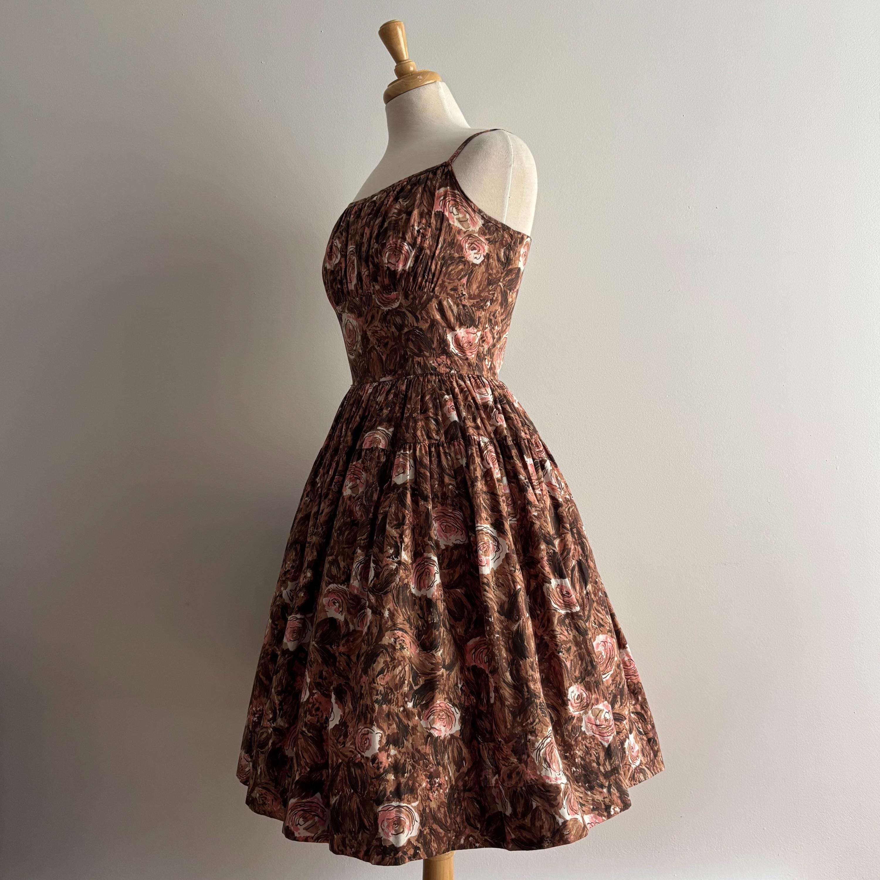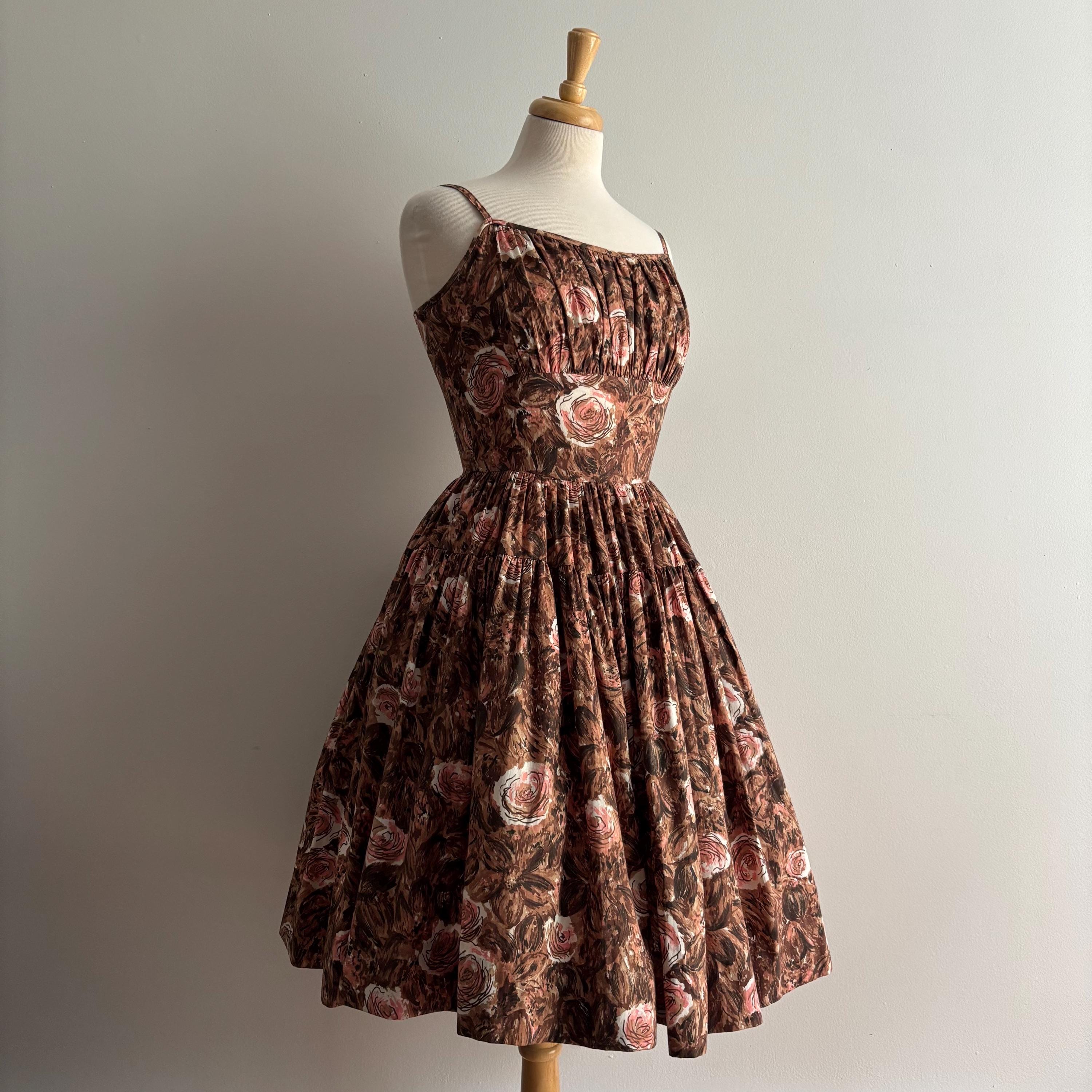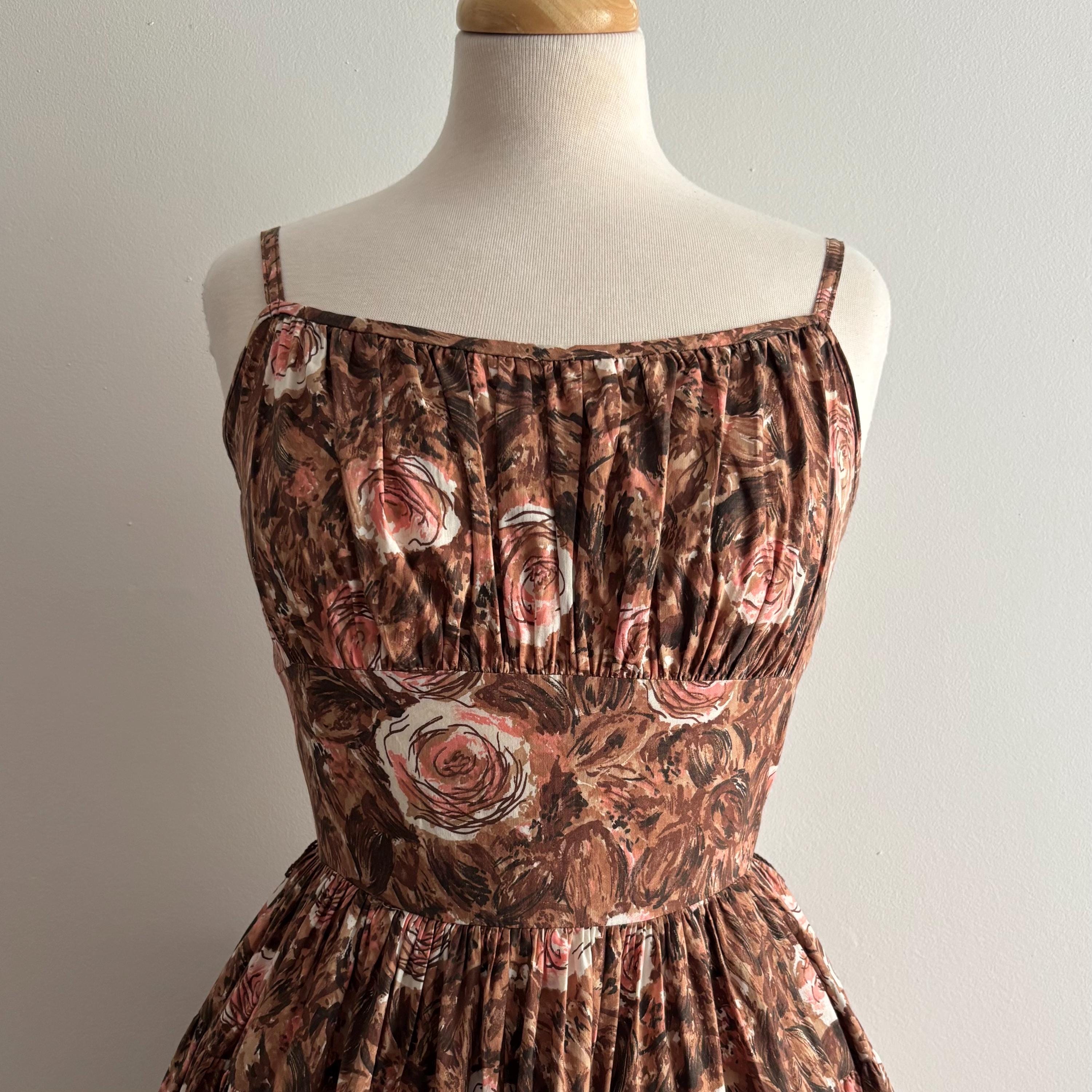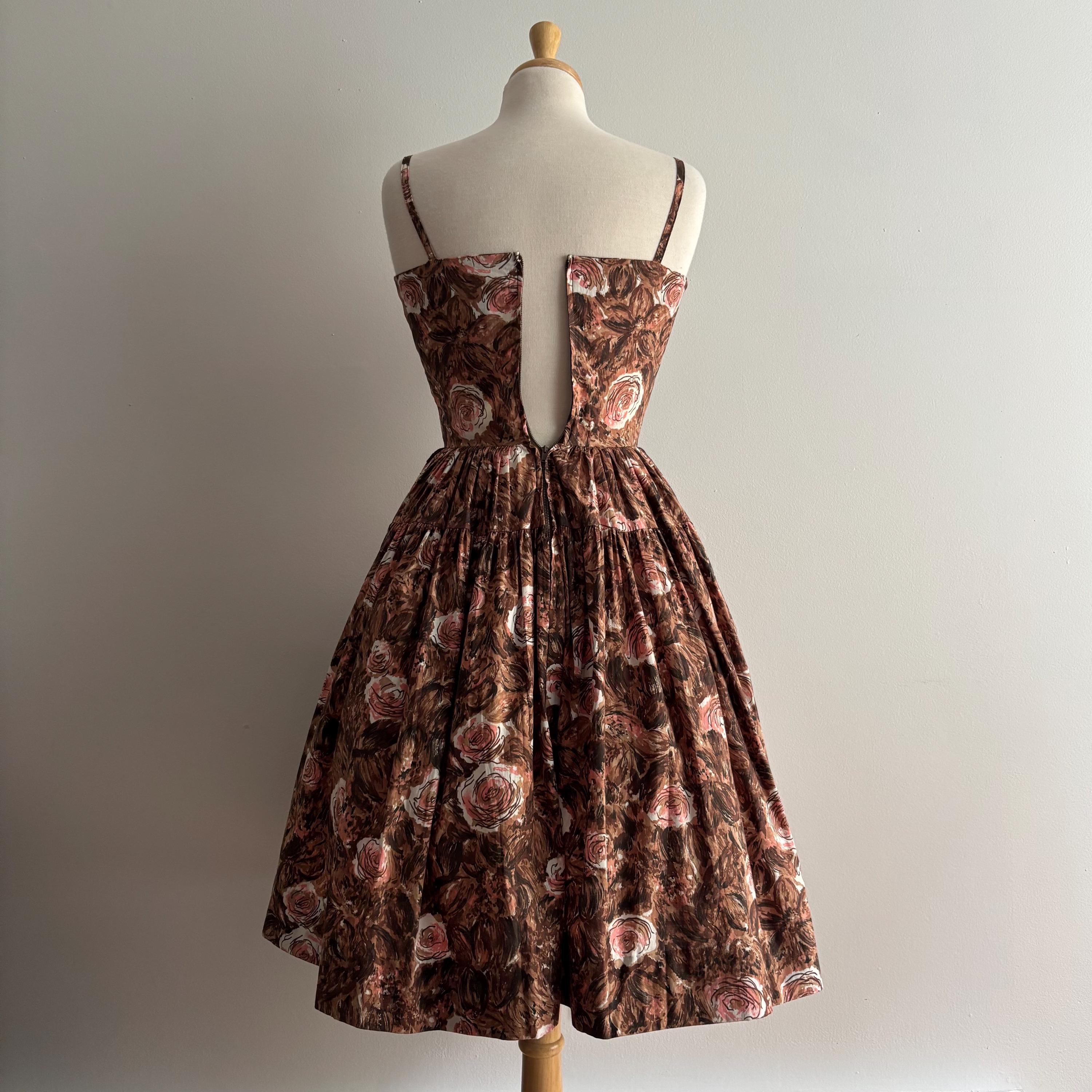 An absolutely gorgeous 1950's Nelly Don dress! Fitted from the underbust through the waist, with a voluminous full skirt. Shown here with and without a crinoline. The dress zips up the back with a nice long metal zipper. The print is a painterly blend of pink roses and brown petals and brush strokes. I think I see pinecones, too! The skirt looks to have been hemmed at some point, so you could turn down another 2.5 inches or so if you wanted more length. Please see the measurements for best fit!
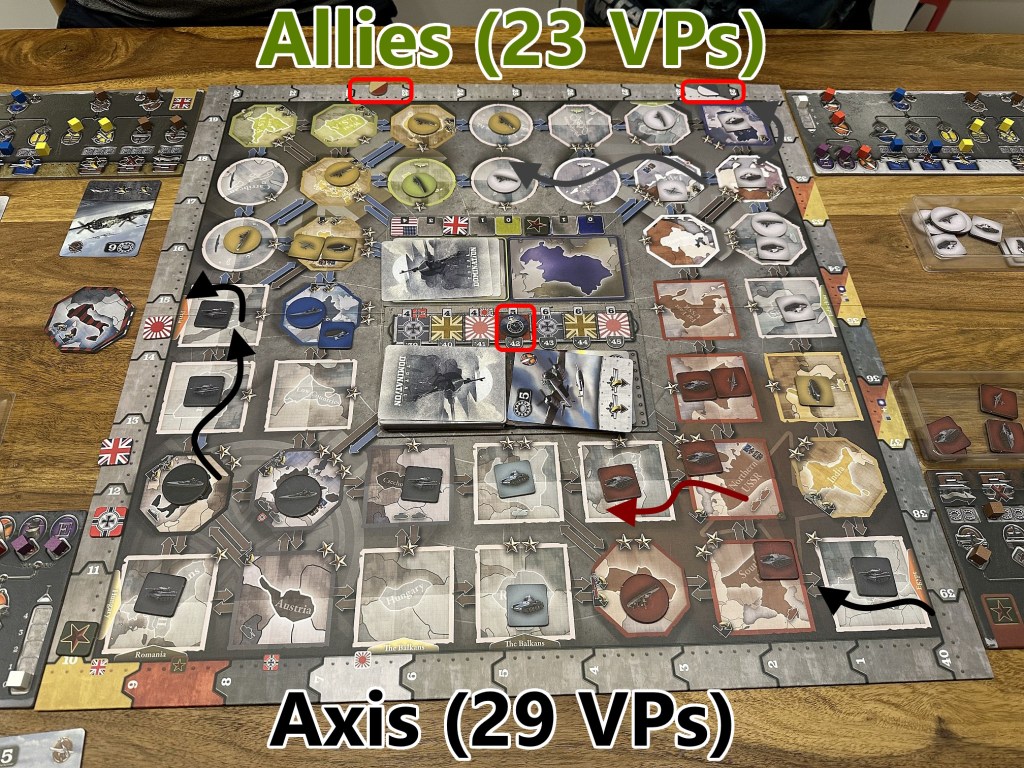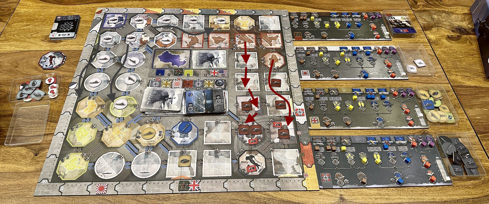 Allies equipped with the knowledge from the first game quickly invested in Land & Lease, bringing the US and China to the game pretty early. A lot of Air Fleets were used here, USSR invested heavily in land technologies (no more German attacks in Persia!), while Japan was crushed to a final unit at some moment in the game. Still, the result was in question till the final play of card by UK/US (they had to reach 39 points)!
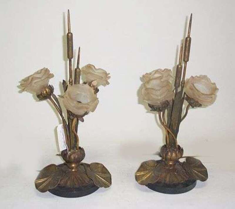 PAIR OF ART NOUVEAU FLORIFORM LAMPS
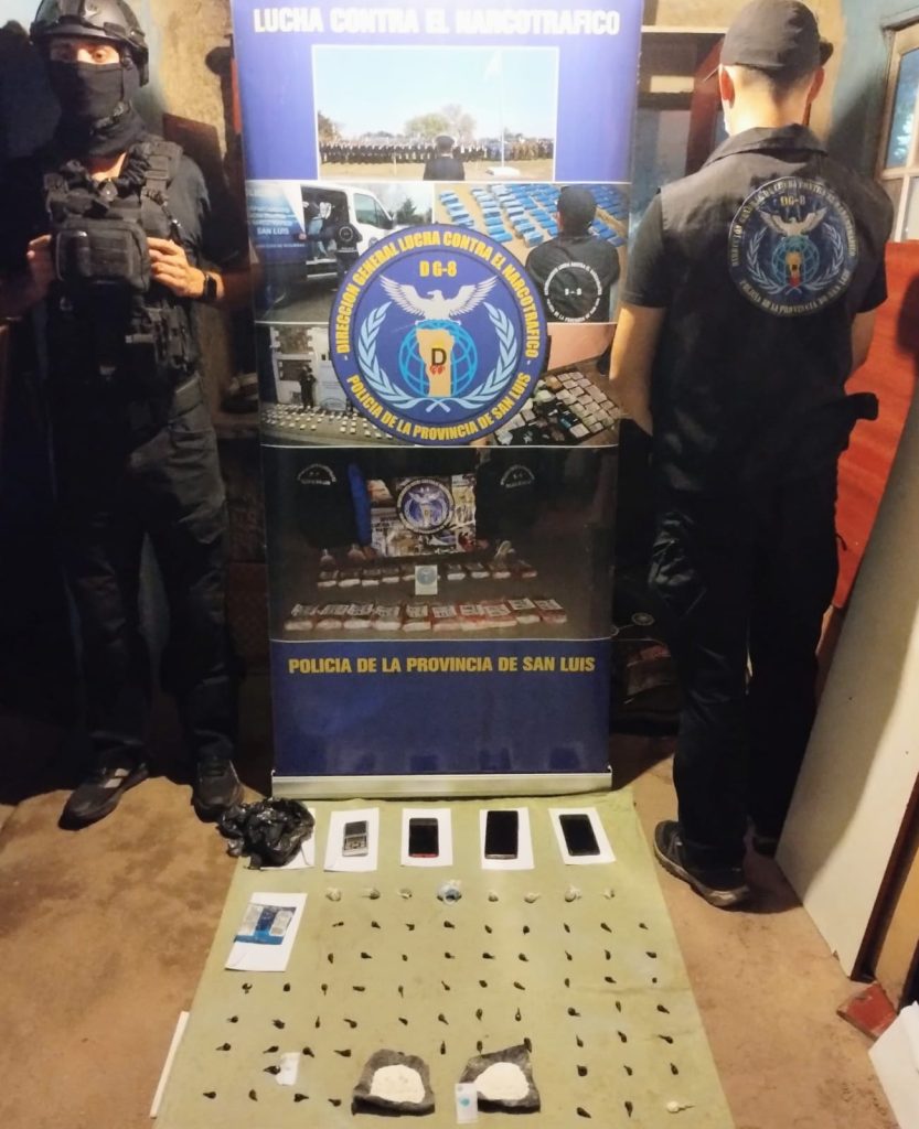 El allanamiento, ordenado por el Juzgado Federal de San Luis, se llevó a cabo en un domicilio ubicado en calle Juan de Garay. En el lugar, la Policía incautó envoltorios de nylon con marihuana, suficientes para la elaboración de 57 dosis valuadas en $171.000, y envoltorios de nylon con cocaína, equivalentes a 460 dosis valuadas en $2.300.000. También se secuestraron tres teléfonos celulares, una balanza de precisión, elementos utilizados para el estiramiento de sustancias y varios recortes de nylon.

-.-.-

▶ Exercise brief
Exact repeats of the lines from the first one in the data through the line containing "PAIR OF ART NOUVEAU FLORIFORM LAMPS" make up the answer. Pictures do not.

▶ Response area
 An absolutely gorgeous 1950's Nelly Don dress! Fitted from the underbust through the waist, with a voluminous full skirt. Shown here with and without a crinoline. The dress zips up the back with a nice long metal zipper. The print is a painterly blend of pink roses and brown petals and brush strokes. I think I see pinecones, too! The skirt looks to have been hemmed at some point, so you could turn down another 2.5 inches or so if you wanted more length. Please see the measurements for best fit!
 Allies equipped with the knowledge from the first game quickly invested in Land & Lease, bringing the US and China to the game pretty early. A lot of Air Fleets were used here, USSR invested heavily in land technologies (no more German attacks in Persia!), while Japan was crushed to a final unit at some moment in the game. Still, the result was in question till the final play of card by UK/US (they had to reach 39 points)!
 PAIR OF ART NOUVEAU FLORIFORM LAMPS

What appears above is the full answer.